We all have things we are good at, but also things we clearly need to improve on. There is something I am REALLY bad at that I want to talk about.
I don't do well (at all) without goals.
I am a very goal-oriented person. Without goals I get lost, lose motivation, and struggle with even minor things. I get moody, depressed, and just not the person I want to be. Over the years I have recognized this more and more and have found ways to help myself- sometimes it means always having a long term goal but I'm also working on short term ones as well.
I had some big goals this year, two in particular were Musselman and Wineglass. MM was more of a "train and finish" kind of goal (I did have a time goal but wasn't tied to it), and as you know I had more time specific goals for Wineglass. What I was missing this year was some more of those smaller goals, to get me from one big one to the next.
I'm in a little bit of a different spot right now, because I have some time goals but I also need some smaller different goals to keep my motivated and focused along the way. Time to get creative! :)
I mentioned the other day that I'm getting back on track with some things: logging my foods (not to the T, but still holding myself accountable), incorporating more variety in my workouts, and in general taking better care of myself. The other thing I need to work on--sleep. Maybe someday.
One thing I am going back to is my old workout log
I have used this many times its a great way to see everything in writing (which I really like)- I even got my mom to start using one a few years ago, I think she still does. It's good for 13 weeks which is actually perfect for me right now.
I started this past Monday(10/14) and it will take me through middle of January which is about when i'll start training for Boston. So when I say perfect-- I mean really perfect to keep me motivated and focused from now until it's time to train for the trek from Hopkinton to Boylston Street.

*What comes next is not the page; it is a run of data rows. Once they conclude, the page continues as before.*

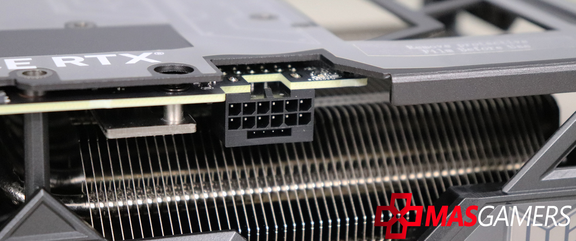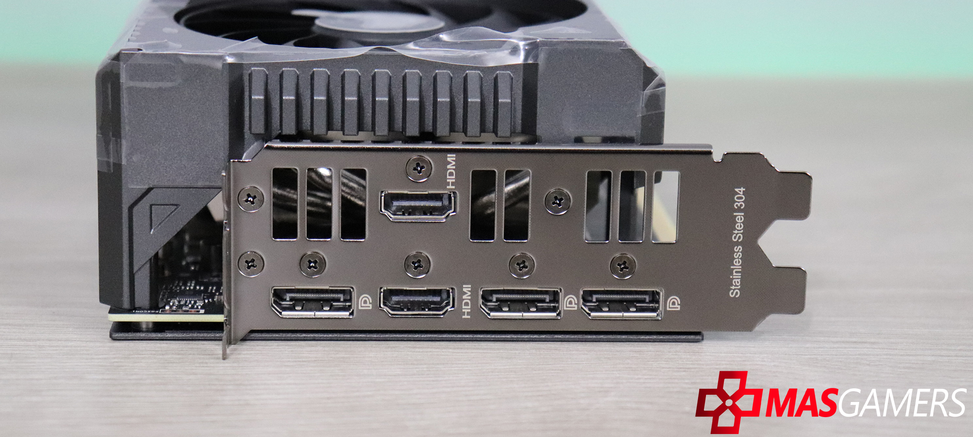 En cuanto a conectividad encontramos lo clásico: 3 puertos Display Port 1.4 y 2 puertos HDMI 2.1. Y como decíamos, si bien solo tiene 2 slots, es necesario dejar al menos 4 para que entre de todo.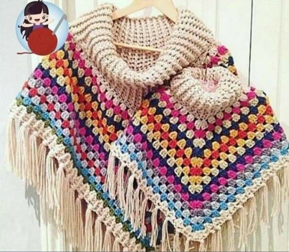 Whether you prefer soft neutrals or bold, colorful stripes, this poncho adapts beautifully to your yarn choices. The textured ribbed cowl provides structure and warmth, while the expanding granny stitch body drapes gracefully over the shoulders.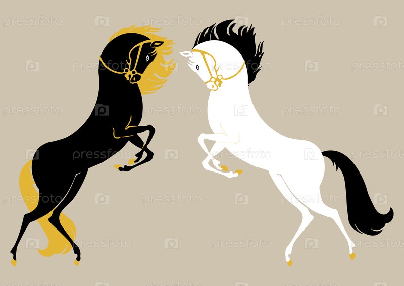 Векторный рисунок: черно-белые лошади выросли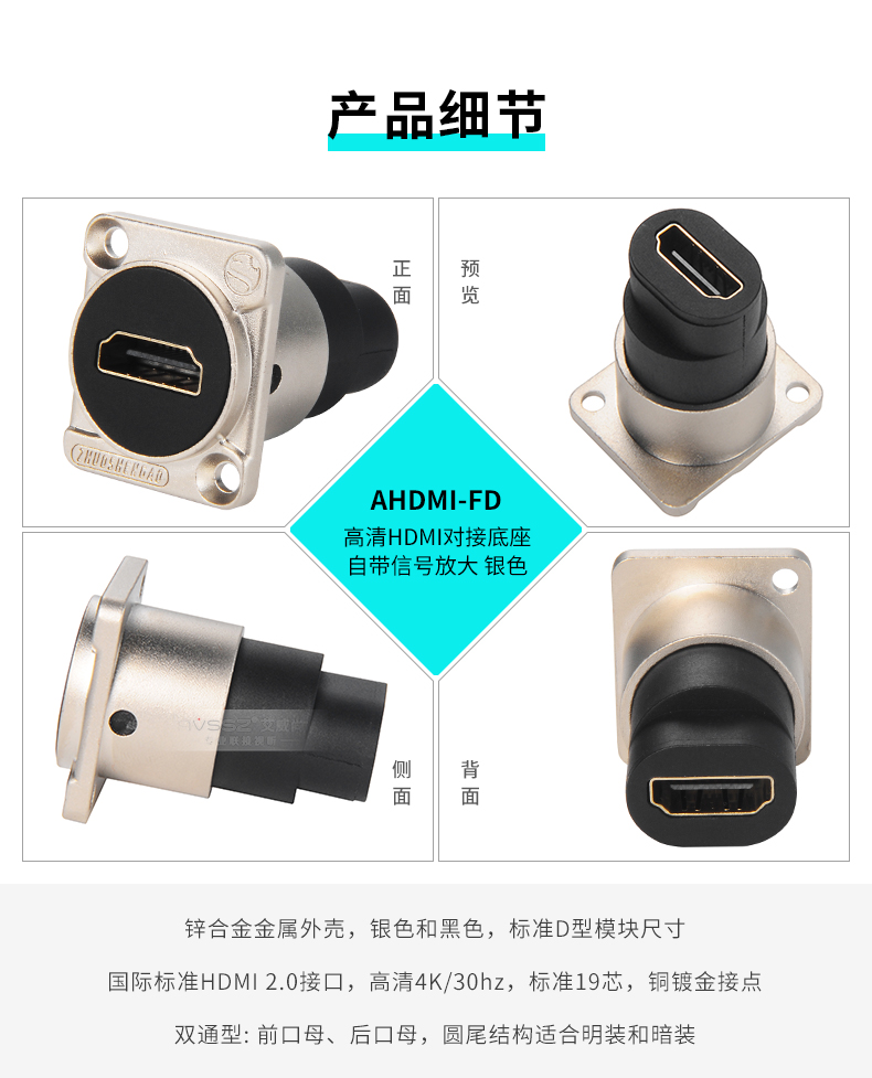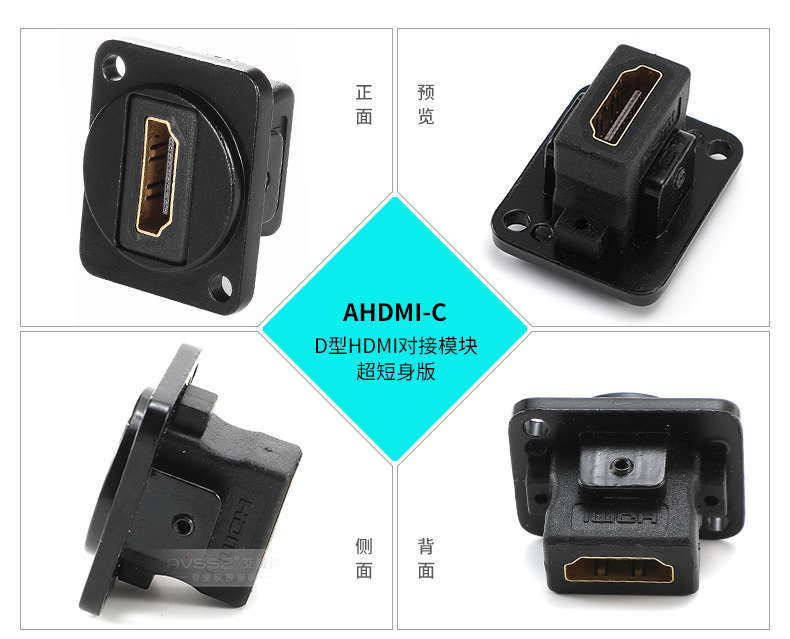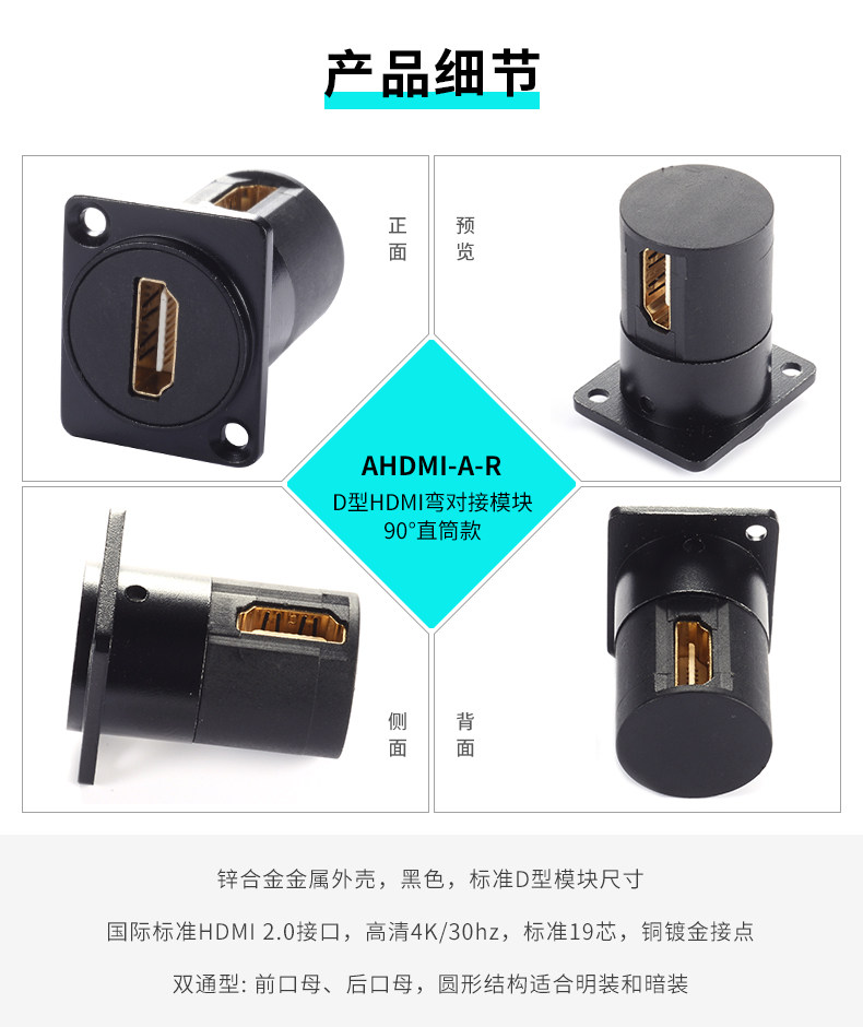 D型高清音视频线HDMI2.0高速双通模块会议室弯母对母对接座直角AV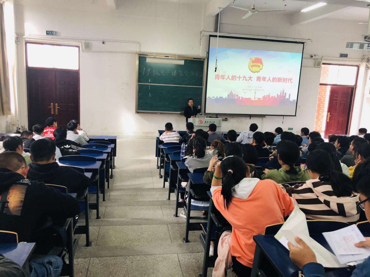 1010日下午,童超梅老师以“新时代”为基点,通过共青团的使命、性质及任务、三个“必须”、新时代青年不忘初心四个部分带领服表19级新生同学了解共青团。共青团是中国共产党领导的先进青年组织,是广大青年在实践中学习中国特色社会主义和共产主义的学校。新时代青年是国家的希望,应牢记党的宗旨,为实现中华民族的伟大复兴矢志前行。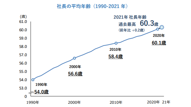 2021年の社長の平均年齢は60.3歳で、前年比+0.2歳となった。調査を開始した1990年以降右肩上がりの状況が続き、31年連続で過去最高を更新した。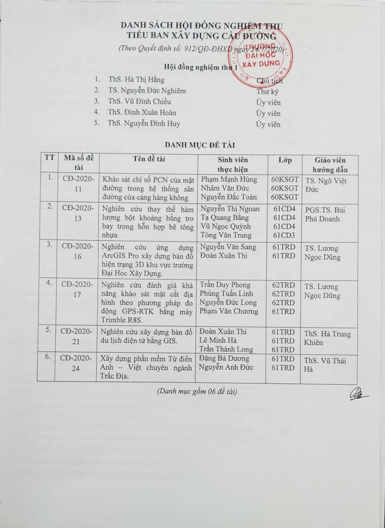 Khoa Cầu đường thông báo kế hoạch Bảo vệ Đồ án Tốt nghiệp Ngành Kỹ thuật xây dựng công trình giao thông - Hệ đào...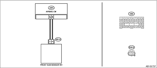 Check for poor contact of the connectors (AB6, AB16) between the airbag control module and the front sub sensor (RH).

So right now I am working on setting a goal for each week; some fun goals, some fitness goals, some nutrition goals, some personal ones as well. Not all of them will be big or seem important to you- but they are some things I feel will help me in some way or another. You can't have goals without rewards, so that will also be part of this.
Let's focus on the goals first though... I already have some set up for the next few weeks, and I am really excited to get working!
1) Log all food and exercise
2) Eliminate some 'unnecessary' things (i.E. frequent Starbucks latte's or cinnamon rolls, instead some regular Starbucks or other coffee and some oatmeal--yes I will still get the others sometimes but not as much as I was, my weight & my wallet will thank me for this).
3) Work on getting my base back: run ~30 aerobic miles, as well as 3 non-running workouts
Reward: New pair of Kinvara's, I'm way overdue. This is a want and need kind of reward- I can't do the miles without the tires.
1) At least 2 Morning workouts (During the week!)
2) Eat a REAL breakfast EVERY day (not just a coffee and a bar).
3) ~ 35-40 miles running + 3 non running workouts
1) Meal Plan and prep all of my food (this is a busy week for me so it will be important!)
2) Sugar Free Week (Splenda in coffee is allowed, but no candy or desserts etc.)
3) 3 Double digit runs + 2 non-running workouts
Reward: Night to myself (No work, no studying, no cleaning) with a book and glass of wine.
I know that there are certain things I can do that will help my nutrition and fitness level as well as my happiness and general well being, so that is what I want to work on. In order to become the runner and person that I know I can be, I've gotta find more of what works for me and what doesn't.
I have some of my goals set for future weeks but I am also trying not to get too far ahead of myself- I want to take this as it comes and that will mean adjusting goals along the way. 13 weeks is really going to be broken up into 2 sections....first 8 weeks being more running dominant, and 5 weeks of finding a good balance between running and the other 2 tri-disciplines (swim/bike) with an emphasis on strength training.
As you can tell, I decided NOT to do Niagara Falls marathon (3 weeks post Wineglass). As bad as I wanted the 'instant' second chance at 3:15, I knew that I wouldn't be recovered properly and that it wasn't the best option for me right now. This isn't a decision that left me with a "what if", I know that saying 'no' was the best option. My time goal of 3:15 is not off the table, but trying another PR effort so quick didn't seem feasible, smart or fun.
Something I am also really bad at (besides not having goals) is using that sneaky little "but" word.
As I said, I didn't end up signing up for Niagara Falls International Marathon, BUT....
Obviously another thing I'm really bad at....
being stubborn and not giving up on certain goals;)
C.I.M. 8 weeks instead of 3 ;)
C.I.M. 8 weeks instead of 3 ;)
This was the feasible, smarter and much more fun option ;)
What little goals do you set for yourself each week?
(if you want some awesome ideas, every Monday Mindy does a 'weekly goal chase'!)
Do you reward yourself from time to time? How?